After it setting unused for a few years and a rather rough move accross several states,  I now what to get this set up for some occational light work, nothing super accurate but want it to be as best as I can make it.  I am having an issue with the quill seeming quite loose-(more that I noticed before) lots of slop which seems worse when the quill is up rather than when fed down about half way ...  but long storey short...  Does anyone have or know a sorce for a better parts drawing than the one in the manual. It seems there is a sealed type roller bearing ridding on the spindle that should be somewhere it is loose and seem to do nothing just floats over the spindle, not held or retianed anywhere.
I found and down loaded the HF manual for this model but the drawing is at best a napkin sketch. I have searched all over and find nothing better. Thought maybe someone had been through this and found an alternate even marginally better drawing of the head and quill. 
Any help would be appreciated.
Thanks-
SoH


----------



## dtsh (May 10, 2018)

Does this help at all?

http://www.fignoggle.com/machines/r...ill-drill-spindle-quill-removal-procedure.htm

It's possible the bearing has spun on the spindle and worn a groove, I've had that happen to other shafts which I've repaired (with varying degrees of success).


----------



## mikey (May 10, 2018)

I looked at the pdf for your mill - they used a cartoon as a IPB; sad. Anyway, I suspect the play is mostly in the spindle and drive sleeve bearings. I suggest you take it apart and replace the bearings and that should tighten things up considerably. If you can find one, replace the spindle while you're in there. I did this job on my RF-31 and wrote it up; check the Rong Fu section here.  It isn't difficult to do.


----------



## SonofHarold - Metal Carver (May 10, 2018)

mikey said:


> I looked at the pdf for your mill - they used a cartoon as a IPB; sad. Anyway, I suspect the play is mostly in the spindle and drive sleeve bearings. I suggest you take it apart and replace the bearings and that should tighten things up considerably. If you can find one, replace the spindle while you're in there. I did this job on my RF-31 and wrote it up; check the Rong Fu section here.  It isn't difficult to do.

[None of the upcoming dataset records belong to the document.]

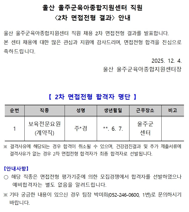 | [ä¿ë] º» ¼¾ÅÍ Á÷¿ø(º¸À°Àü¹®¿ä¿ø) ä¿ë [2Â÷ ¸éÁ¢ÀüÇü °á°ú] ¾È³» | |||||
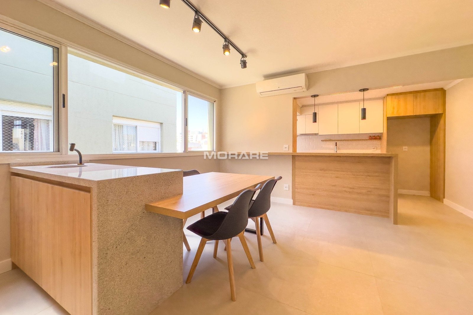 Com 76m² de área privativa, amplo living 2 ambientes, piso frio, com churrasqueira, mesa de jantar, split, banheiro social finamente decorado, cozinha montada e reformada com passa pratos, armários, fogão, coifa e área de serviço com aquecedor. Dormitórios com piso frio e suíte totalmente modernizada.
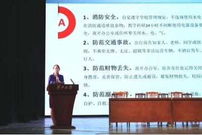 紧接着,银宁副书记就学生消防安全、交通安全、财物安全、防溺水安全、食品安全、网络安全等安全问题做出强调,希望同学们树立安全意识,提高自我保护能力,共同创造安定和谐的校园学习与生活环境。
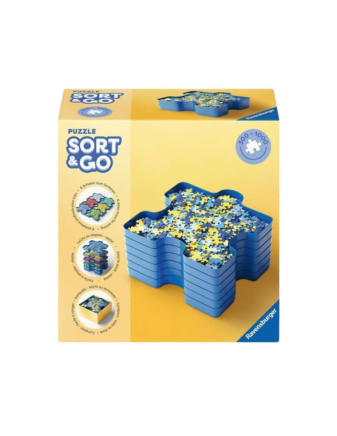 Ottimizza i tempi di assemblaggio e tieni tutto sotto controllo con il vassoio per la selezione dei puzzle Ravensburger Sort and Go, un accessorio essenziale per gli appassionati di puzzle. Sviluppato per puzzle fino a 1.000 pezzi, questo vassoio offre organizzazione, risparmio di tempo e facilità d'uso, permettendoti di concentrarti sul divertimento del puzzle. Il vassoio per la selezione dei puzzle Ravensburger Sort and Go è un set di 6 vassoi impilabili, progettati per ordinare i pezzi per colore, forma o consistenza. Progettati per puzzle fino a 1.000 pezzi, sono adatti sia per i giocatori individuali che per le sessioni di famiglia, rendendoli ideali per gli organizzatori che preferiscono un processo metodico e visivo.
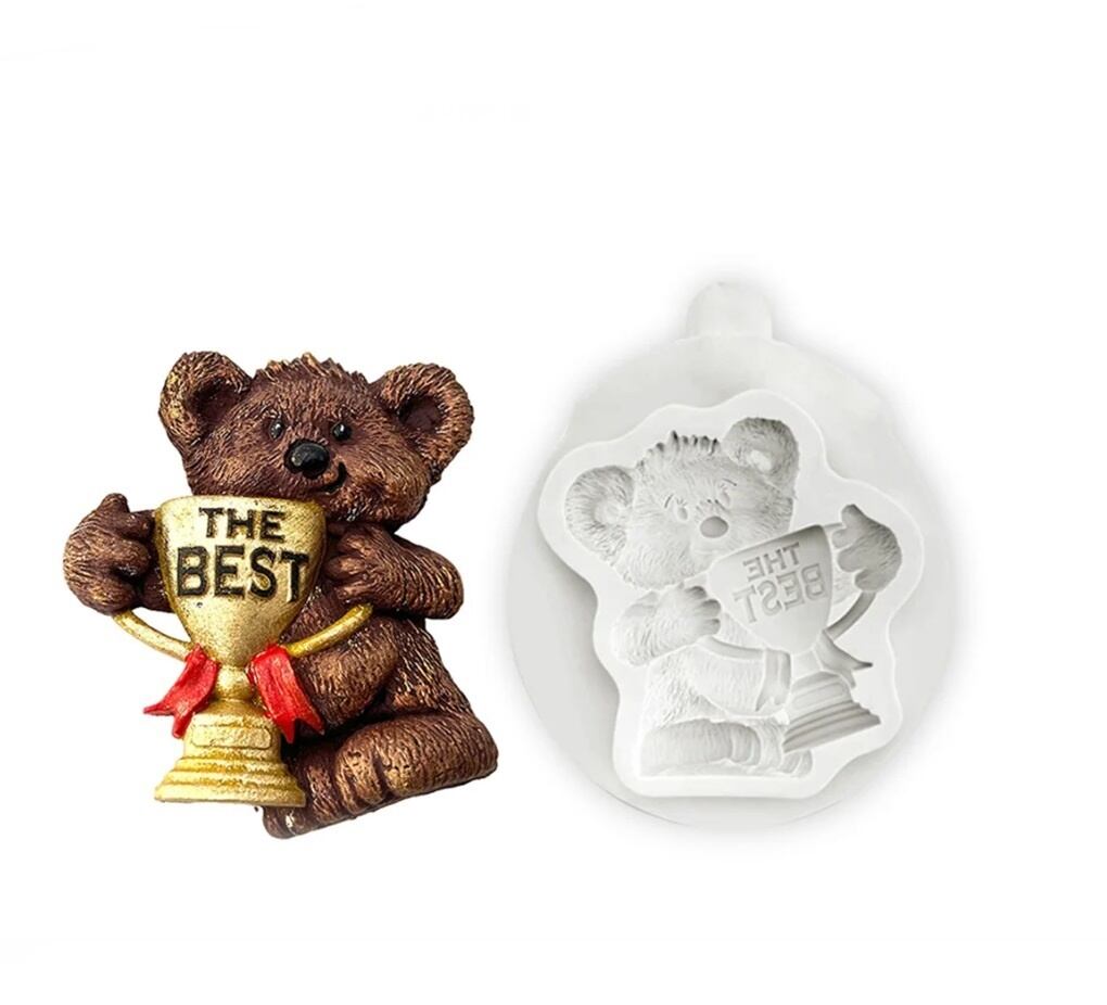 優勝カップを持ったクマのシリコンモールドです。

Most cartoons are better. 
I did get a better look at it and there is a snap ring in there on the top side of the bearing a also, cant figure where that should go... 
might get to take it apart tomorrow.


----------



## mikey (May 10, 2018)

Typically, there are two bearings into which the drive sleeve is pressed and the bearings are held in place by a snap ring above and below them. Take the top pulley off and you'll see the upper snap ring. Remove it and push the drive sleeve out from below. You can leave the lower snap ring in place. Replace those two bearings and don't forget to put the spacer you find between them back in place.

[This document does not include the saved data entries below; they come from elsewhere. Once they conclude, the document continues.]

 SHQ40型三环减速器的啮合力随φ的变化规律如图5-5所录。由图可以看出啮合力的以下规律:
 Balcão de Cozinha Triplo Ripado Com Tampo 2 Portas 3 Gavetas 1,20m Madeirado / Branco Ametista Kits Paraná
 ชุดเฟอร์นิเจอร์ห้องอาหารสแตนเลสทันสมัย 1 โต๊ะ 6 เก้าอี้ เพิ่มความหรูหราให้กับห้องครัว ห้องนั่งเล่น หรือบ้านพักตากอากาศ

Drop the spindle out and remove and replace the spindle and the spindle bearings. Once you sort out how to get the quill out, this is a simple job if you have an arbor or hydraulic press.


----------



## Silverbullet (May 11, 2018)

Snap rings usually hold things together , might be the problem a bearings separating or moving where it shouldn't.


----------



## SonofHarold - Metal Carver (May 11, 2018)

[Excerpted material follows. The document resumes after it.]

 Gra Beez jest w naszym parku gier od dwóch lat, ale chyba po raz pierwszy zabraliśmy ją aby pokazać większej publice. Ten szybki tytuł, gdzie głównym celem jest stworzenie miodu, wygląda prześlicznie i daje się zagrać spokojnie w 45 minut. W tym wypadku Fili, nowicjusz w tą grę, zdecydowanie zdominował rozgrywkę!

This turned out to be easy and more simple that I was making it.  The loose bearing was a mid bearing to support the spindle ( not sure I am getting the right nomenclatures...) but that bearing seemed to have never been installed as it should have been. Nothing messed up or damaged and once i just taped it into place in the top of the quill ( the part which engages the feed gear and pulls the tool toward the cross slide with the turning spindle going through the center) 
Then I had remembered the guy I got this mill from who while he can get almost anything to work again, one way or another, he is not the best at the details and "good enough is good enough" is his motto. I called him and found he had forgot to put the bearing and snap ring on when re replaced the bearings and was putting everything together... he figured it would be OK -or good enough. He did replace all the bearings with better grade bearings when he took it apart for his mods. He does have a good memory tho as this was about 8 or 9 years ago... said he never had a problem with it. Anyway...
I have it all back together (properly) and everything seems good. At least better than it was and I'll bet better than good nuff. ..Thanks for everyone's input; it did help be see how things should have been and help me to get it apart....  especially the photos I surfed to via the fignoodle links etc. Thnx. now back to cleaning up the shop further - I had got distracted and just had to get my hands into the machine.


----------